Having loads of ports but insufficient controllers/PCIe connectivity is the hallmark of the Laptop industry's business model with consumers pretty much unprotected by lack of regulatory enforcement actions and an online review press so encumbered by review-sample NDAs and Other Review restrictions that are most definitely examples of inherent conflicts of interest that get between the online review sites' reporting and the consumer's rights to know.

It's no wonder that those Mini-Desktop SKUs with the most complete amount of System Hardware/Firmware and information/documemtation that come with user friendly generic drivers(Graphics/Chipset/others) are so popular with these devices' end users.

Laptop OEMs have burned enough bridges and it's mostly too late to win any real trust anymore among consumers. I'm to the point that I'd rather carry a mini/micro desktop around with a portable USB monitor and foldable keyboard than take any more crap from laptop OEM's and their rather corrupt bussiness model of the last 15+ years, including that one that's the most egregious of all the Thin and Lighs/Ultrabook form factor of uselessness.

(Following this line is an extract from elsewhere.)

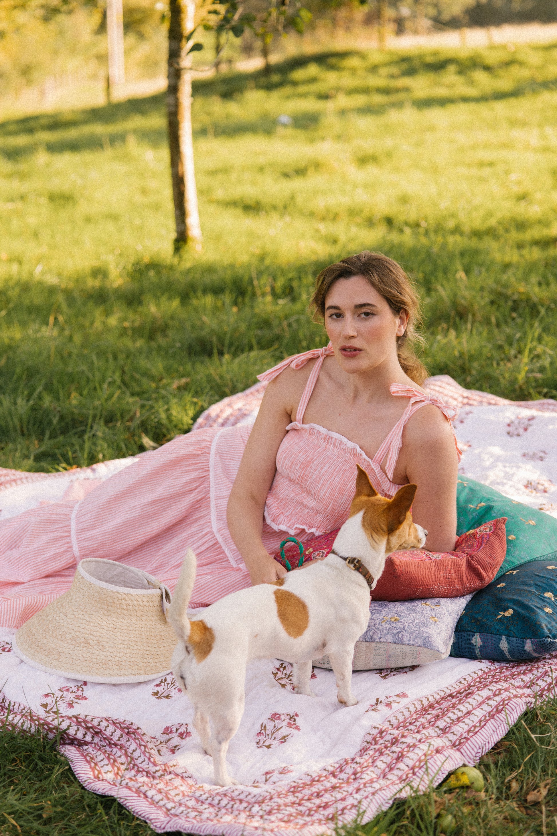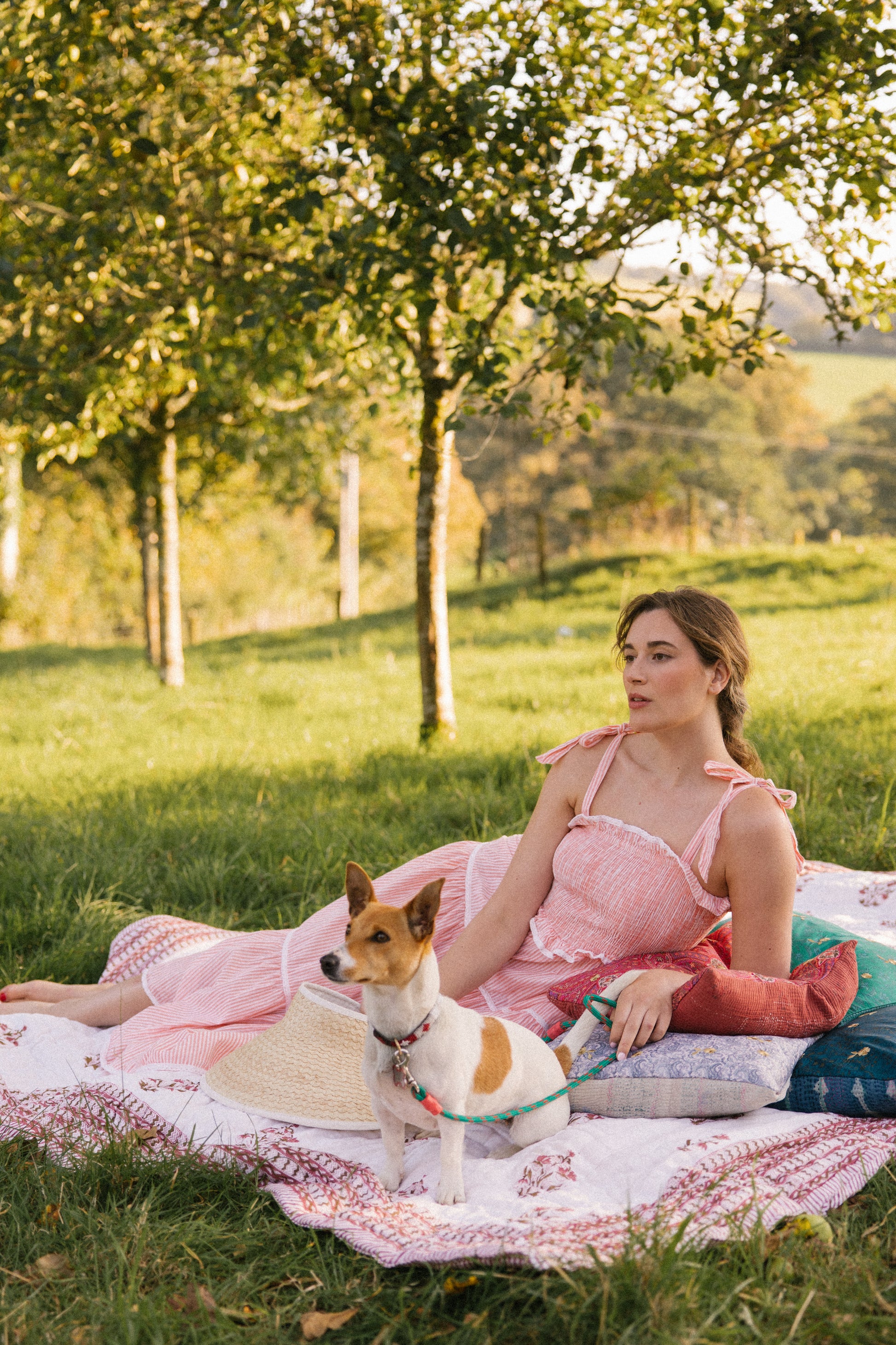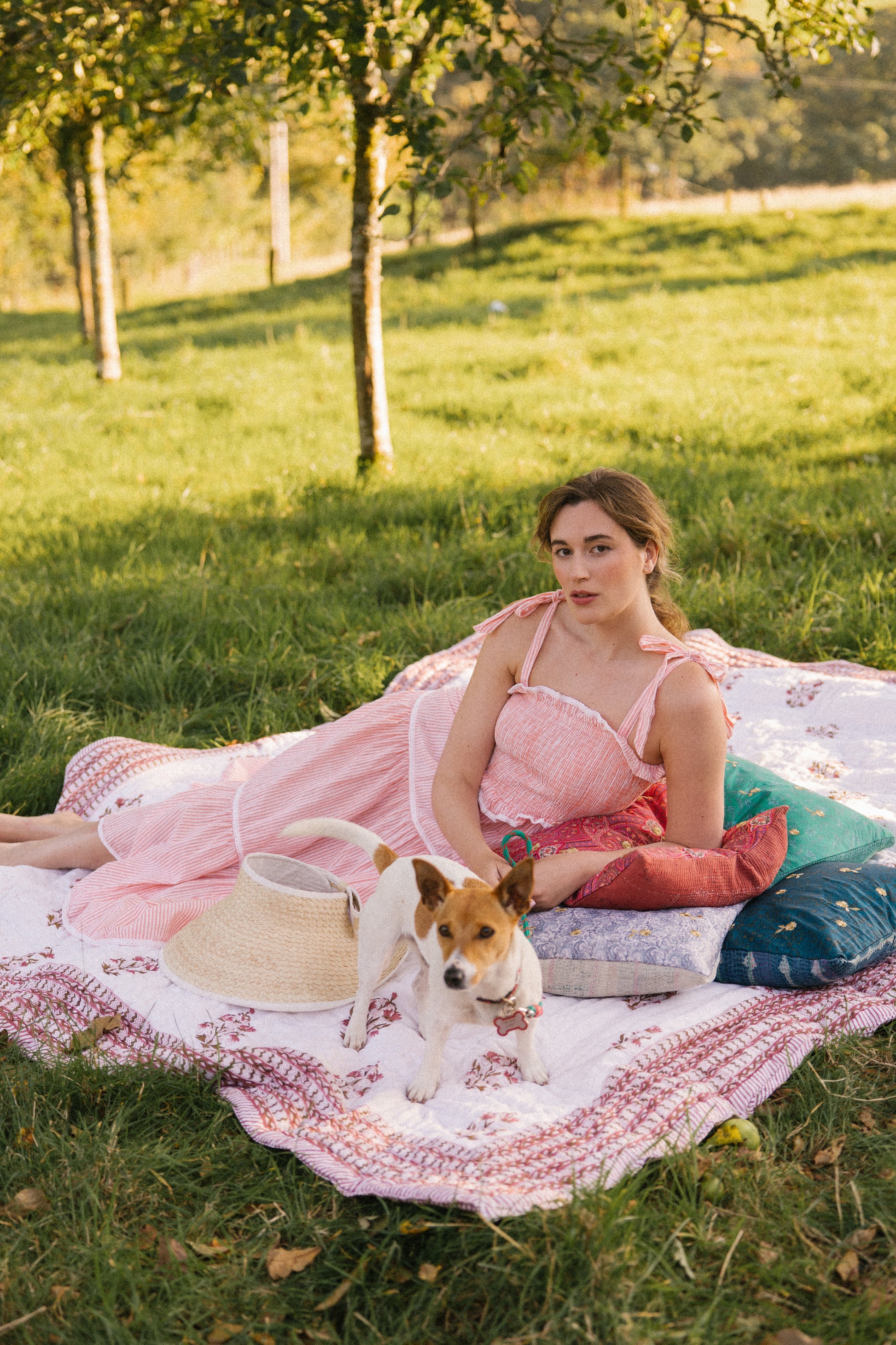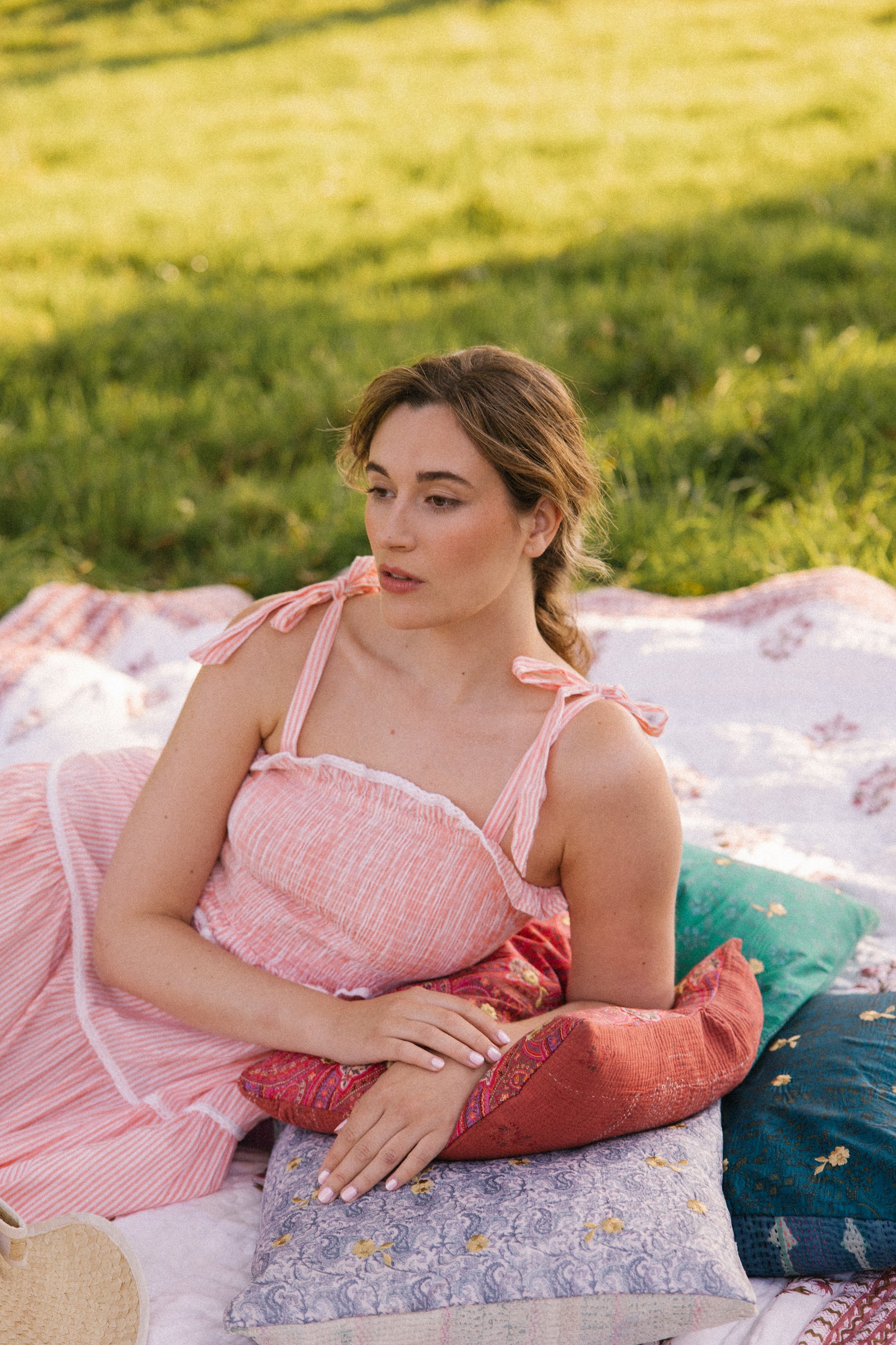 Crafted from organic cotton in the prettiest shade of peachy pink & white , with a super flattering smocked bodice and finished with adjustable shoulder tie straps , lace trim on ruffle frill plus tiers makes this dress a utterly feminine look and of course internal side pockets for your lippy .
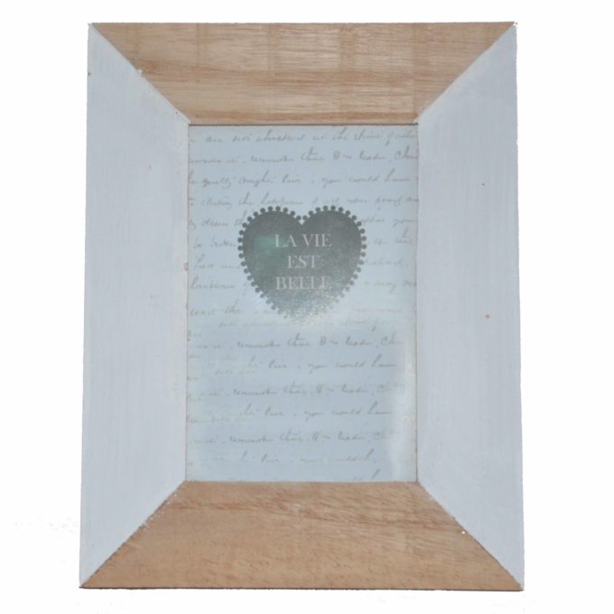 Cadre Photo 10×15 bois naturel / blanc, s’accroche au mur ou peut se poser sur un meuble grâce à son pied.

I think that as soon as AMD gets out of its old state of mind and starts brading its own devices that are similar to Intel's NUC/Apple Mac-Mini sorts of offerings the OEM laptop industry is going to really earn its comeuppance.
The OEM/Marketing influnced GPU rebranding nonsense is enough in and of itself to rate a consumer rebellion. And a healty market of mini/micro-desktop SKUs, that are in fact as portable as a laptop, all while being much more user friendly and way more updatable. BGA can GO TO HELL, soldered memory, likewise. And don't get me started on those Laptop OEM's Modded/Customized NON-Generic graphics divers as that rates hot tar and loads of feathers on that fine little Laptop OEM "Feature".

I like my CPUs socketed and my memory in the DIMM slot and things upgradable. Don't Glue/Solder me in.

March 13, 2018 | 12:13 PM - Posted by Devouring_with_Doug (not verified)

I am curious to know why Display ports are being used and not HDMI? Recently changing over to MBP and looking for a good dock to use while at home Almost bought the OWC then I saw caldigit 3+ haven’t made the choice yet but hoping for a space grey version before I do. But really curious about the HDMI port not being on these devices

March 13, 2018 | 03:20 PM - Posted by Gunbuster

Probably because you have to pay out a licence fee to use HDMI. Also PC equipment is more likely to be DP, and if its not just get a dongle from amazon for cheap.

I'm more concerned it only has one DP, I mean come on its kind of positioned as a power user product but only one DP???

March 13, 2018 | 03:27 PM - Posted by Gunbuster

A Dell D6000 universal dock is only $170. Why would you get one of these?